[What you need to do] Go through the data below and repeat it exactly, skipping each picture.

[The data]
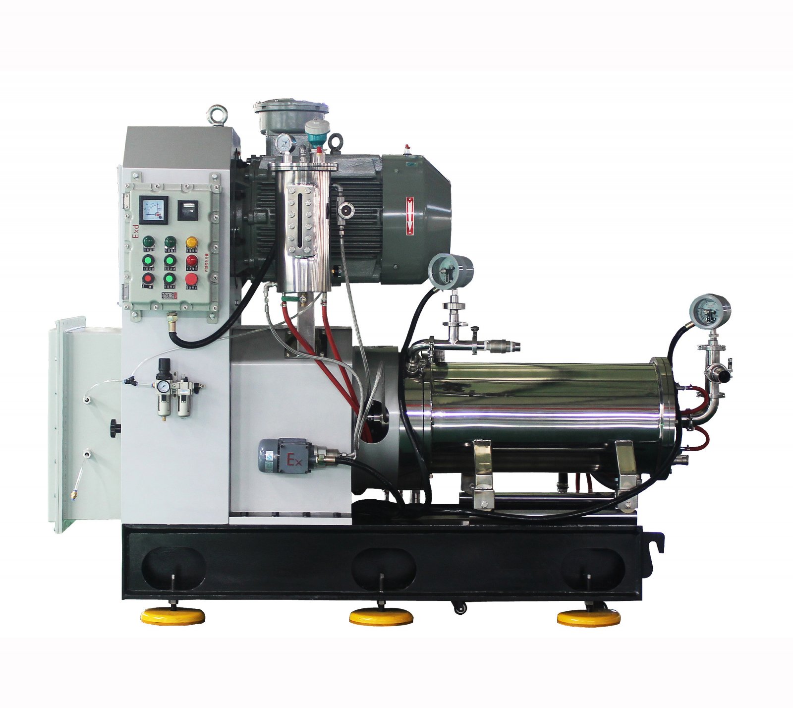 高耐磨研磨內筒及分散器可方便更換,材質有合金鋼、陶瓷、高分子、不銹鋼等多種選擇。螺旋式水循環通道、多部位冷卻水設置,可以充分散熱。產品還配備了全防爆按鈕操控和科學化的PLC觸屏操控,不僅方便操作,也可以最大程度的保障操作人員的安全。除此之外,進料壓力、出料溫度、機封潤滑油箱液位等多部位安全控制,讓下游客戶選購安心,操作無憂。
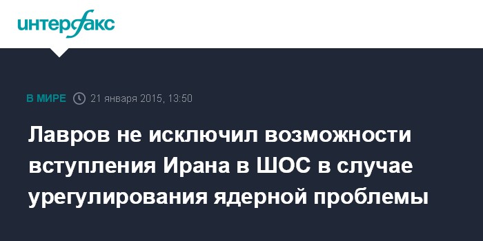 Москва. 21 января. INTERFAX.RU - Членство Ирана в Шанхайской организации сотрудничества реально, заявил глава российского МИД Сергей Лавров.
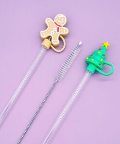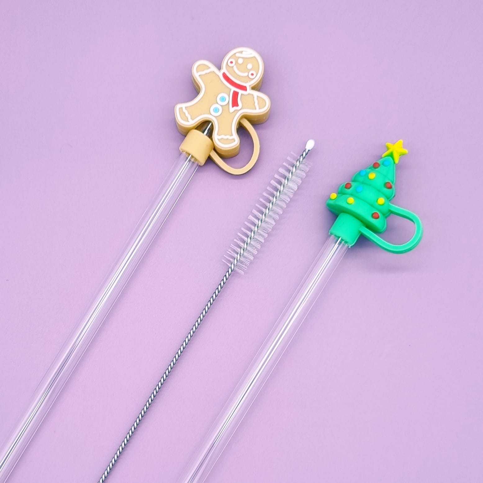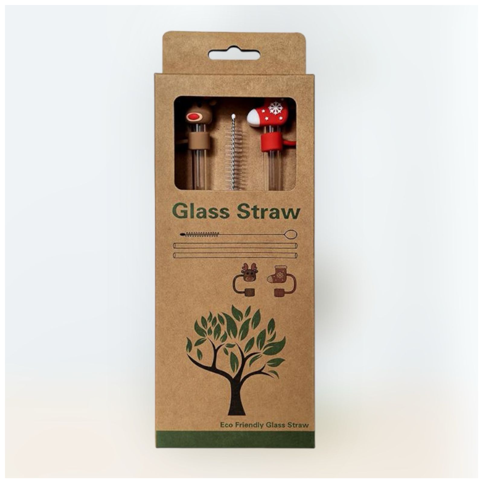 Set de Sorbetes de Vidrio Eco Friendly + Limpiador con Tapas de Silicona Reno & Stocking – 3 piezas

[Response to the task]
 高耐磨研磨內筒及分散器可方便更換,材質有合金鋼、陶瓷、高分子、不銹鋼等多種選擇。螺旋式水循環通道、多部位冷卻水設置,可以充分散熱。產品還配備了全防爆按鈕操控和科學化的PLC觸屏操控,不僅方便操作,也可以最大程度的保障操作人員的安全。除此之外,進料壓力、出料溫度、機封潤滑油箱液位等多部位安全控制,讓下游客戶選購安心,操作無憂。
 Москва. 21 января. INTERFAX.RU - Членство Ирана в Шанхайской организации сотрудничества реально, заявил глава российского МИД Сергей Лавров.
 Set de Sorbetes de Vidrio Eco Friendly + Limpiador con Tapas de Silicona Reno & Stocking – 3 piezas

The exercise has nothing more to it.